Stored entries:
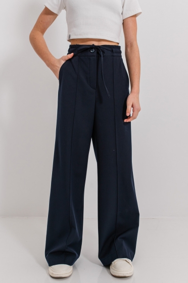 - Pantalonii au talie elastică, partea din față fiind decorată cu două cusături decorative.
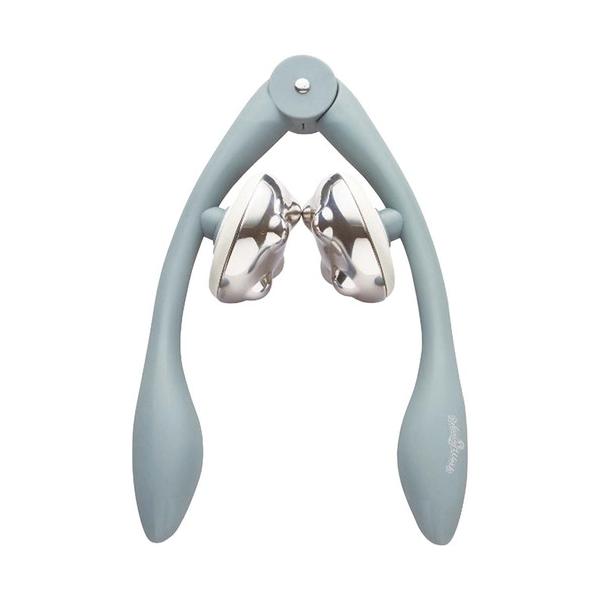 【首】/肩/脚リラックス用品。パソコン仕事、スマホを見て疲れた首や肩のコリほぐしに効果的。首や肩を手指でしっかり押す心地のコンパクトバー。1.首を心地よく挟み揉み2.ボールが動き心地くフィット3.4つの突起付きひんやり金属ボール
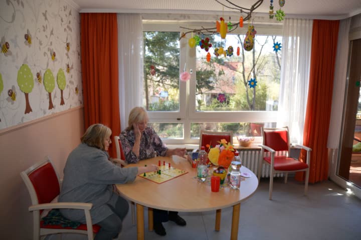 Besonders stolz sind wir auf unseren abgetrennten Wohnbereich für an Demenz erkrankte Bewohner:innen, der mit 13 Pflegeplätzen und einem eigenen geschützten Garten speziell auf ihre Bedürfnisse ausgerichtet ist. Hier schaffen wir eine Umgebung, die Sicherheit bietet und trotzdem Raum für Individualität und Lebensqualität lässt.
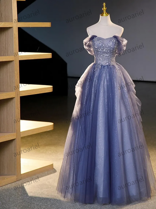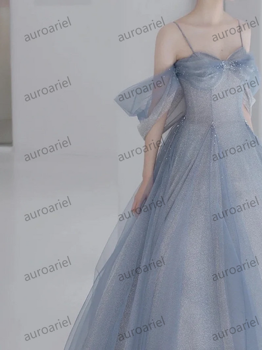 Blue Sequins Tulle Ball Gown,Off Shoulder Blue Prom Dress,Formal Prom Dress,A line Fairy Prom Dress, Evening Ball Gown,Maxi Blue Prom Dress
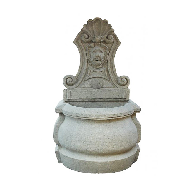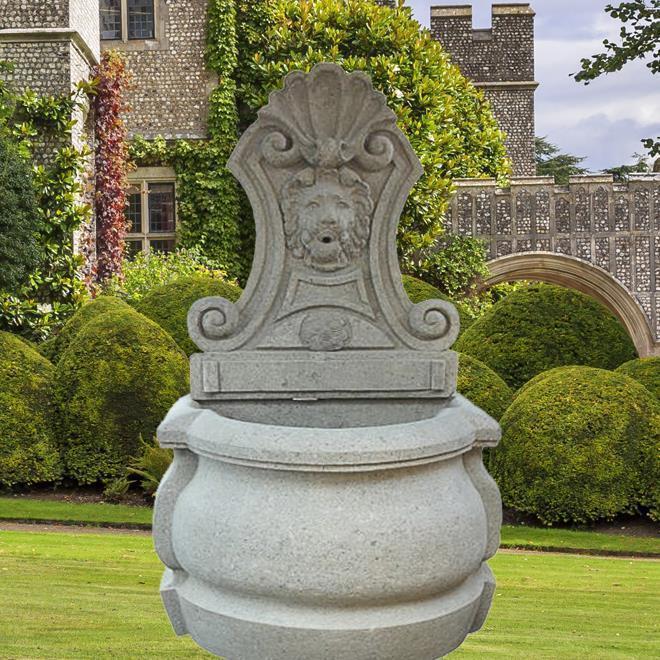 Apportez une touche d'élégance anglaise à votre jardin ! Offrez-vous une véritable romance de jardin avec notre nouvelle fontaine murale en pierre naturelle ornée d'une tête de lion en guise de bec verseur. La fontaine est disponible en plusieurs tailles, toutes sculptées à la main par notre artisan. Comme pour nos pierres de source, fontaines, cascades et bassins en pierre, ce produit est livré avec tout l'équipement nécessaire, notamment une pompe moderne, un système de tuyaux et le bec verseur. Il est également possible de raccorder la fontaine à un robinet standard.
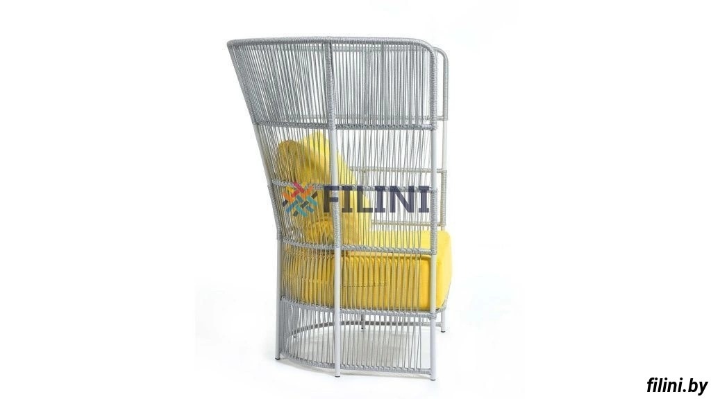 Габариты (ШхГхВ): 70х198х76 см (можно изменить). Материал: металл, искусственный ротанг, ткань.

# Action item
Only one thing is required here: an exact copy of the lines from the one bearing "Apportez une touche" through the final line above, both included, with pictures left out.

# Answer to this problem
 Apportez une touche d'élégance anglaise à votre jardin ! Offrez-vous une véritable romance de jardin avec notre nouvelle fontaine murale en pierre naturelle ornée d'une tête de lion en guise de bec verseur. La fontaine est disponible en plusieurs tailles, toutes sculptées à la main par notre artisan. Comme pour nos pierres de source, fontaines, cascades et bassins en pierre, ce produit est livré avec tout l'équipement nécessaire, notamment une pompe moderne, un système de tuyaux et le bec verseur. Il est également possible de raccorder la fontaine à un robinet standard.
 Габариты (ШхГхВ): 70х198х76 см (можно изменить). Материал: металл, искусственный ротанг, ткань.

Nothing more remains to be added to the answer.